Question

Let f be a differentiable function such that f(-4)=12, f(9)=-4, f'(4)=-6, and f'(9)=3. The function g is differentiable and g(x)=finverse(x). What is the value of g'(-4)?

Answer 1

To find the value of g'(-4), we need to first find the derivative of the function g(x), which is the inverse of f(x).

Step-by-step explanation:

To find the value of g'(-4), we need to first find the derivative of the function g(x), which is the inverse of f(x). Since f(x) is differentiable, its inverse g(x) is also differentiable.

Let's start by finding the derivative of f(x). We are given that f'(-4)=12, f(9)=-4, f'(4)=-6, and f'(9)=3.

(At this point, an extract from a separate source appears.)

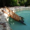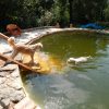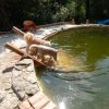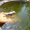 Dennoch war der Pool zum Ende des Sommers plötzlich glasklar. Leider hat es zwei Wochen später zu regnen begonnen, Blätter fielen in den Pool und haben ihn dunkel gefärbt, verursacht durch die Huminsäure in den Blättern. Man muss das abwarten. Keinesfalls tue ich mir die chemischen Keulen an, die anderen Teichbesitzer immer wieder verwenden, weil ihnen die Geduld fehlt, der Natur ihre Zeit zu lassen.

Now, let's find the derivative of g(x) using the formula for the derivative of an inverse function: g'(x) = 1/f'(g(x)).

Substituting x=-4 into the equation, we have: g'(-4) = 1/f'(g(-4)).

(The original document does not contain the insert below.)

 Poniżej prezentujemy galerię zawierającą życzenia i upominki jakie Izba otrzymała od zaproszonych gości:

Since g(-4) is equal to -4 according to the definition of the inverse function, we have: g'(-4) = 1/f'(-4).

Now we can substitute f'(-4)=12 into the equation, giving us: g'(-4) = 1/12.

Therefore, the value of g'(-4) is 1/12.

Answer 2

My solution to the problem is as follows:

g'(4) = 1/f' (f^-1(-4)) = 1/f'( g(-4) )

By simplifying and calculating using your calculator, you can now arrive at the value of g'(4)

I hope my answer has come to your help. God bless and have a nice day ahead!